On Fri, Mar 3, 2017 at 3:30 PM, Arnd Bergmann arnd@arndb.de wrote:
On Fri, Mar 3, 2017 at 2:55 PM, Alexander Potapenko glider@google.com wrote:
On Fri, Mar 3, 2017 at 2:50 PM, Andrey Ryabinin aryabinin@virtuozzo.com wrote:
@@ -416,6 +416,17 @@ static __always_inline void __write_once_size(volatile void *p, void *res, int s */ #define noinline_for_stack noinline
+/*
- CONFIG_KASAN can lead to extreme stack usage with certain patterns when
- one function gets inlined many times and each instance requires a stack
- ckeck.
- */
+#ifdef CONFIG_KASAN +#define noinline_for_kasan noinline __maybe_unused
noinline_iff_kasan might be a better name. noinline_for_kasan gives the impression that we always noinline function for the sake of kasan, while noinline_iff_kasan clearly indicates that function is noinline only if kasan is used.
Fine with me. I actually tried to come up with a name that implies that the symbol is actually "inline" (or even __always_inline_ without KASAN, but couldn't think of any good name for it.
FWIW we may be facing the same problem with other compiler-based tools, e.g. KMSAN (which isn't there yet). So it might be better to choose a macro name that doesn't use the name "KASAN". E.g. noinline_iff_memtool (or noinline_iff_memory_tool if that's not too long). WDYT?
Would KMSAN also force local variables to be non-overlapping the way that asan-stack=1 and -fsanitize-address-use-after-scope do? As I understood it, KMSAN would add extra code for maintaining the uninit bits, but in an example like this
The thing is that KMSAN (and other tools that insert heavyweight instrumentation) may cause heavy register spilling which will also blow up the stack frames.
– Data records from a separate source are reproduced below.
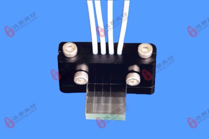 竖型夹具提供了一种和标准尺寸的微流控芯片快速、可靠的连接方式,我公司生产的竖型夹具,能够配合一系列的标准芯片使用。标准芯片厚度为4.0mm,宽度15.0mm,长度可以变化,加工不同长度的管路,完成特定功能。客户可以订购标准或者定制芯片,配合竖型夹具使用,从而完成一系列微流控单元操作,包括微液滴形成,多层液滴形成,溶液混合等等。
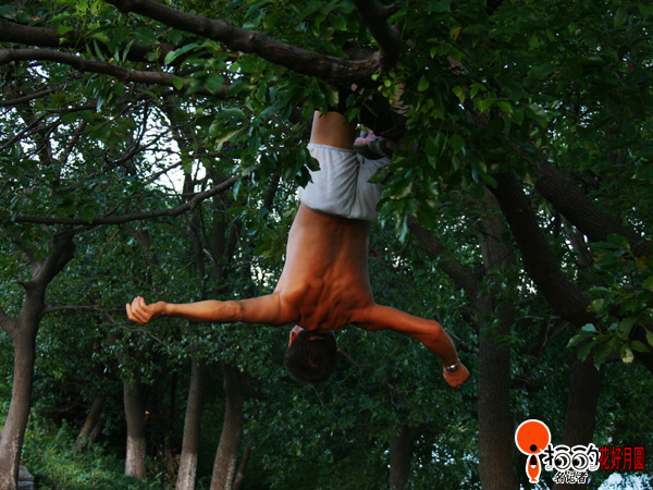 瞧這晨練方式還真新鮮,難道這就是傳說(shuō)中的倒掛金鐘?
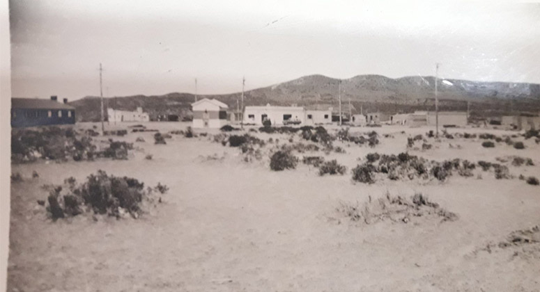 Paisaje caletese que data aproximadamente del año 1957. Lugar dónde estaban los antiguos pabellones de YPF, al lado de la ruta nacional N° 3 y desde dónde se puede ver el conocido Hotel «Munich».

int f(int *); static inline __attribute__((always_inline)) int g(void) { int i; f(&i); return i; } int f(void) { return g()+g()+g()+g(); }
each of the four copies of 'i' could have the same location on the stack and get marked uninitialized again before calling f(). We only need noinline_for_kasan (whatever we end up calling that) for compiler features that force each instance of 'i' to have its own stack redzone.